Gulp. That’s not a prospect I hold much enthusiasm for. Not if the results so far of the inexorable and daft automation of more or less anything that can be automated — regardless of whether or not it should be — are anything to go by.
Currently, this intrusion falls into two broad categories: the needless and irritating, but probably harmless; and the well-intentioned, but also irritating and possibly dangerous.
The needless category generally involves the automation of something that has been, until now, no trouble at all to do manually — such as closing a boot lid. Because this perfectly simple thing can be automated, it has been automated. No one stopped to ask why. The result is that all car boots now close or open achingly slowly, in a pedantic sequence that cannot be altered, not even if you’ve just realised you’ve left your keys inside.
Opening, or closing, the boot is now so effortless you can do it when you don’t want to — because the key-fob button is ridiculously sensitive, for example — and not when you do. Skittish dogs can be released accidentally, at long range, on to the A1. Or you can be left standing there in the rain while the damn thing makes up its mind.
‘Several times, the car I’ve been driving has seen a ghost and I know I don’t want to stop at random when being followed by a milk tanker’
More worrying is the well-intentioned, but actually dangerous: such as default Lane Assist. Call me old fashioned, but when you get so tired you can no longer drive the car between the lines, I feel you should stop and have a cup of tea. Not lazily rely on some spooky microchip that sees phantom lines in the middle of the lane or tries to steer you away from a grass verge and into the path of a tractor or tugs scoldingly at the wheel every time you change lanes without indicating.
It’s fine to have the function available (as cruise control is; I just never use it), but now, manufacturers are making lane assist the default every time you turn the engine on. Because the system is basically rubbish, that’s simply stupid.
‘There are also things that could be automated, but that, so far, have been ignored: GPS-based speed-limiters for towns, villages and near school playgrounds’
Emergency-brake ‘assist’ systems are pretty much all default. One day, a system such as this may save my life. Who knows? Right now, I fancy I can hammer on the anchors pretty well when I need to.

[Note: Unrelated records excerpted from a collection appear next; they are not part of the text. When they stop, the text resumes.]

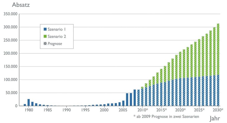 Beide Szenarien gehen ab 2010 von einem stetig steigenden Absatz aus. Szenario 1 mit nahezu unveränderter politischer Lage sagt einem Zuwachs von 90 % auf rund 120000 Einheiten (Zubau) in 2030 voraus; in allen Gebäuden zusammen befinden sich dann 2,1 Mio. Wärmepumpen. Unter günstigeren Bedingungen – etwa einem starken Marktanreizprogramm, einer deutlich beschleunigten Heizungsmodernisierung und Steuererleichterungen für erneuerbare Wärme (siehe unten) – prognostiziert das zweite Szenario den signifikant höheren Wert von rund 311000 verkauften Wärmepumpen für das Jahr 2030. Damit käme es zu einem Anstieg des Wärmepumpen-Absatzes von 390 % innerhalb der nächsten 20 Jahre, der Wärmepumpenbestand würde dadurch unter Berücksichtigung des Rückbaus auf fast 4 Mio. Systeme bis 2030 steigen. 23 % der in Benutzung befindlichen Wärmeerzeuger wären dann Wärmepumpen (aktuell gibt es laut BDH etwa 17 Mio. Wärmeerzeuger im Markt).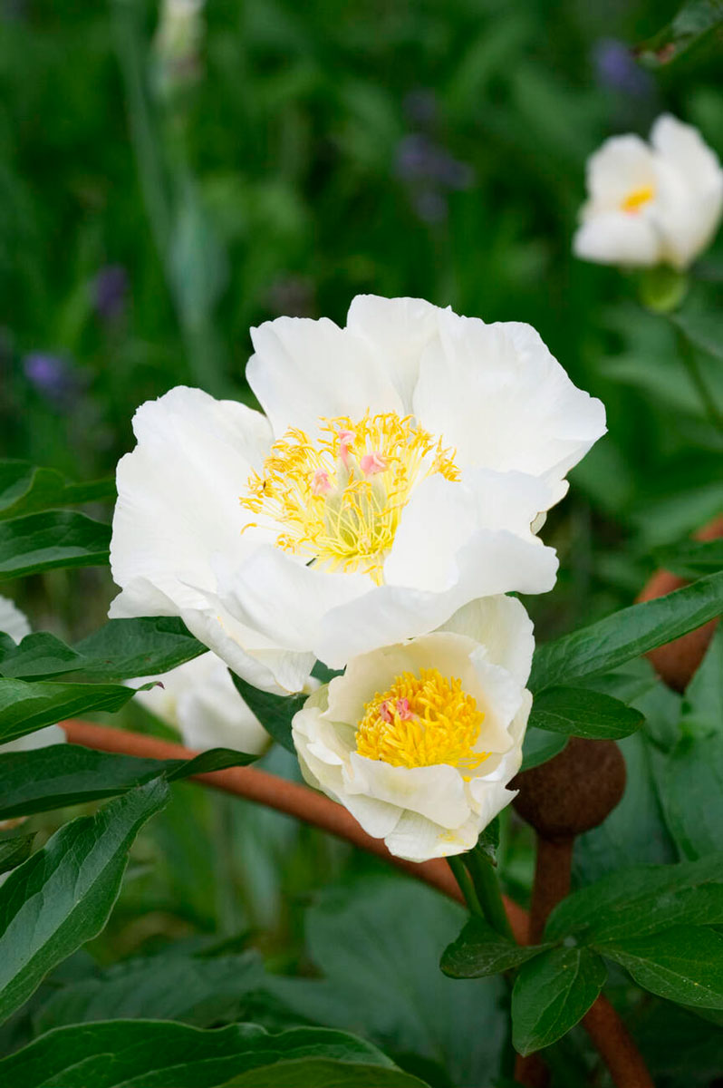 La peonia ibrida erbacea “Quad” ha un fiore semplice, dal giallo pallido al bianco crema. Il profumo è assente e la fioritura è precoce.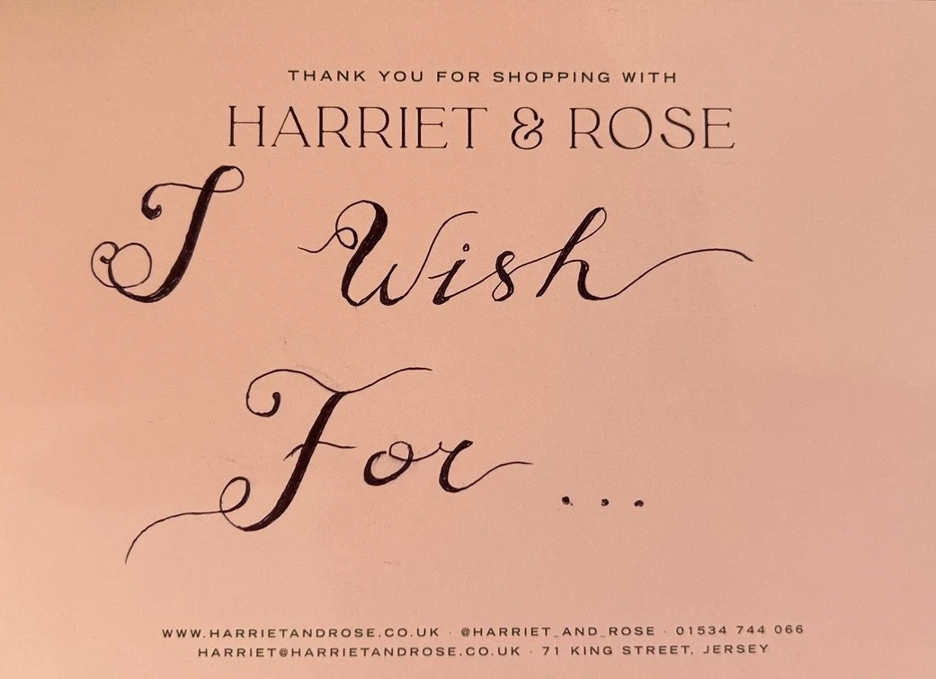 Harriet & Rose offer a gift list and wish list service alongside their online gift shop and shop at 71 King Street, St Helier. Thoughtful gifting and delivery in Jersey, Channel Islands made simple. Perfect for wedding gifts, housewarming, Christmas and birthdays.

I can certainly tell the difference between complete thin air and an obstacle I don’t want to hit, but several times, the car I’ve been driving has seen a ghost and I know I don’t want to stop at random when being followed by a milk tanker. I know a bumpy Fenland road is not an actual traffic accident. I know I’d rather drive into a verge of nettles than be hit from behind by someone who’s looking at their phone (or their touch screen).

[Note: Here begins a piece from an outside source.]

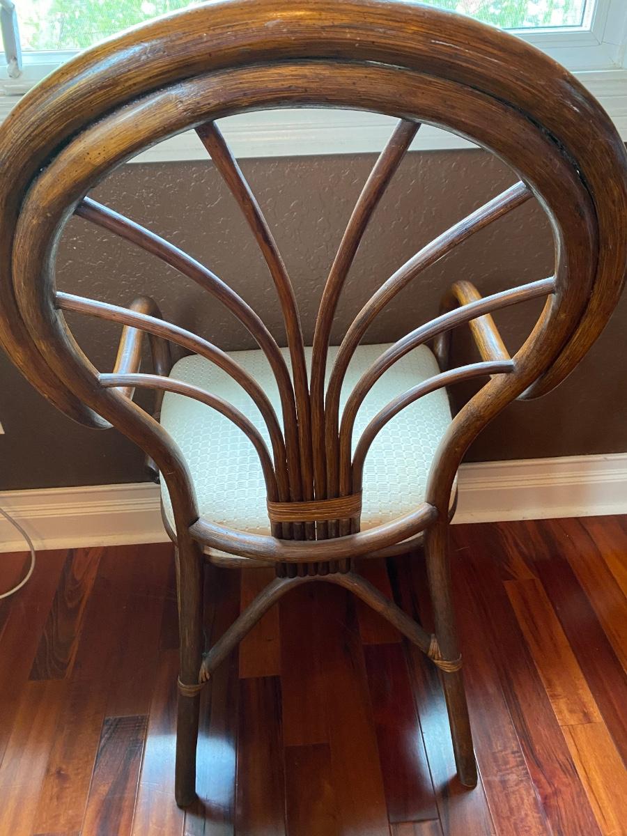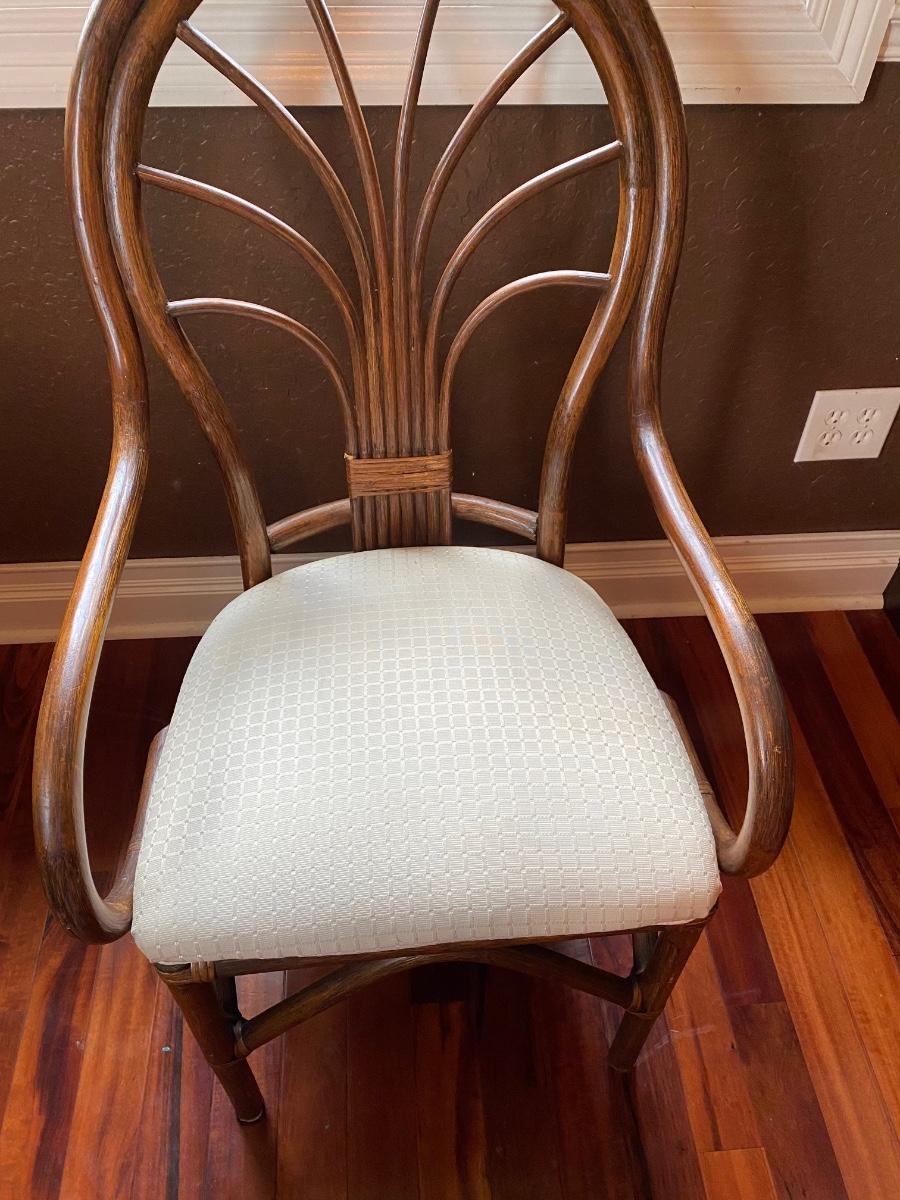 Rattan chair w/upholstered seat. 41H back, seat is 29-3/4 x 19-1/2. Very good condition

Sure, some automation systems are brilliant. ABS must have saved countless lives. Stability control is the same. There are also things that could be automated, but that, so far, have been ignored: GPS-based speed-limiters for towns, villages and near school playgrounds would be genuinely worthwhile, I feel.
However, this capacity for good, bad or stupid automation is too potent and too important to leave to the whims of car-makers locked in an automation cold war, turning every car they build into a hare-brained experiment. We need rational agreement on what could do with a helping hand (adhesion in the wet, for example) and what is (within the limits of technology as it is now, not where it might be one day) best left alone, such as steering and knowing when to apply the brakes.